I'm a betrayed spouse (BS) and I'm a little different from most here. I'm plenty angry with my wayward husband (WH) for choosing to step over that line, and I cannot see anything that I could have done differently that would have prevented him from doing so in that moment.

I, however, find that I come from a different place than most here on SI in terms of my perception of infidelity in a marriage.

The BS doesn't "cause" the WS (wayward spouse) to cheat. The WS chooses to cheat as a poor coping mechanism, due to lack of maturity and/or decent boundaries, or simply out of selfishness. Those, IMHO, are the basic reasons. Others may disagree or have different opinions about the mechanisms/personality traits/character traits that allow this thing to happen.

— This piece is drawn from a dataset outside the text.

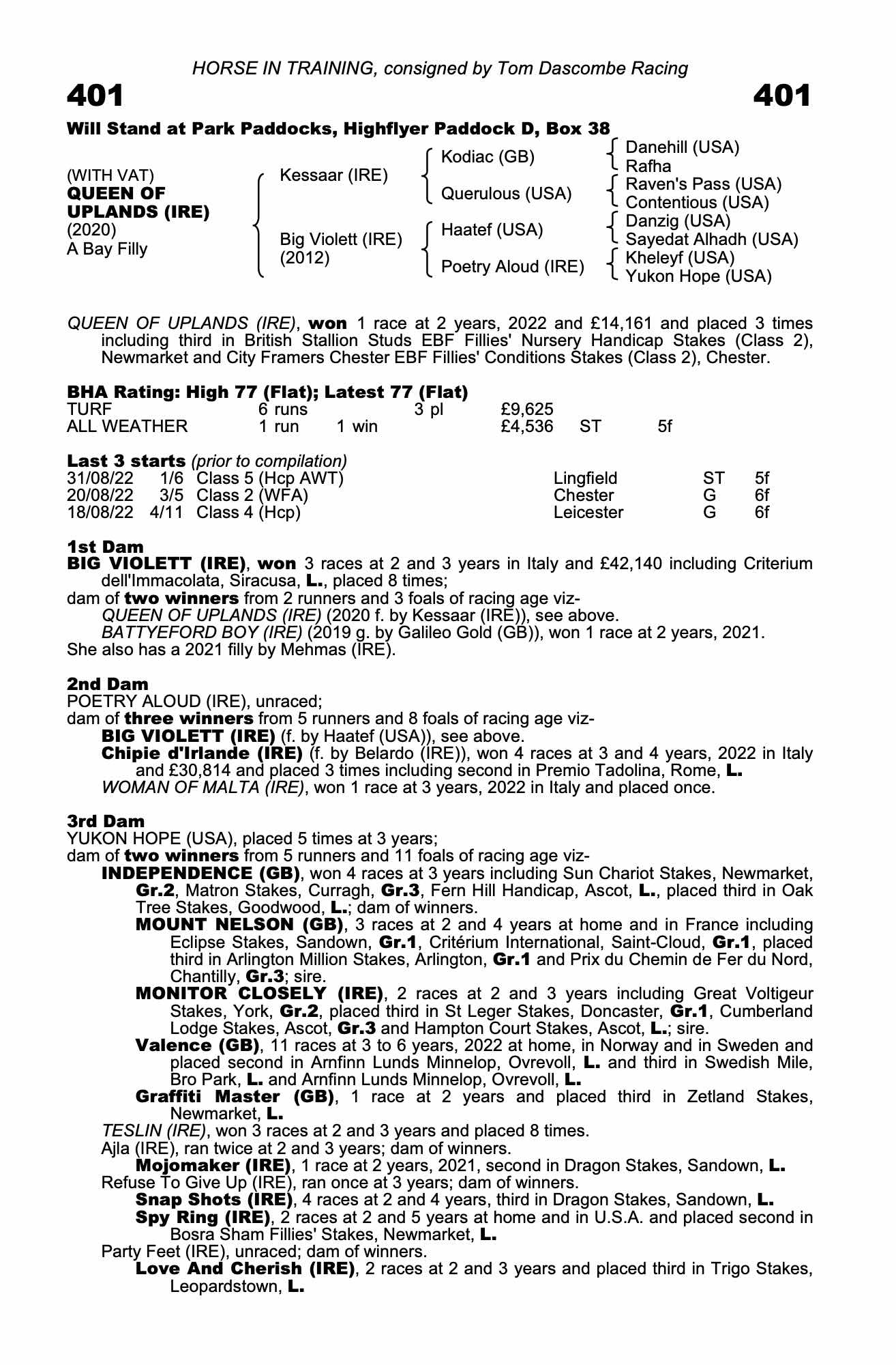 Craven Breeze Up Sale 2022 lot 108, Hyde Park Stud, Ireland=>SackvilleDonald / Tom Dascombe30,000 gns

I do, however, view infidelity as a "weather report" of sorts on the state of the marriage. Others will argue vehemently against this idea. Perfectly happy people in perfectly happy marriages to spouses who are perfect in every way still choose to cheat!

Got it. True enough. IMHO, it's still, even in the most perfect situation, a "weather report" on the marriage. In that specifically perfect case, it's pointing to the fact that one spouse is more married, more committed than the other. That may have nothing whatsoever to do with the perfectness or desirability of the betrayed spouse, but it's definitely still a "weather report," a "situation check" on the marriage. It *is* a factor. At some point it makes itself known, and will need to be dealt with.

Infidelity disrupts the power balance in the marriage- whether that power balance was healthy in the first place or not. I think this is what you are seeing with your husband. He wants desperately to restore the power balance to its status quo, whether the status quo was healthy or not.

Honey, I don't care if you swam out to the troop ships- threatening to hit you in the face, threatening you with any sort of violence is unacceptable.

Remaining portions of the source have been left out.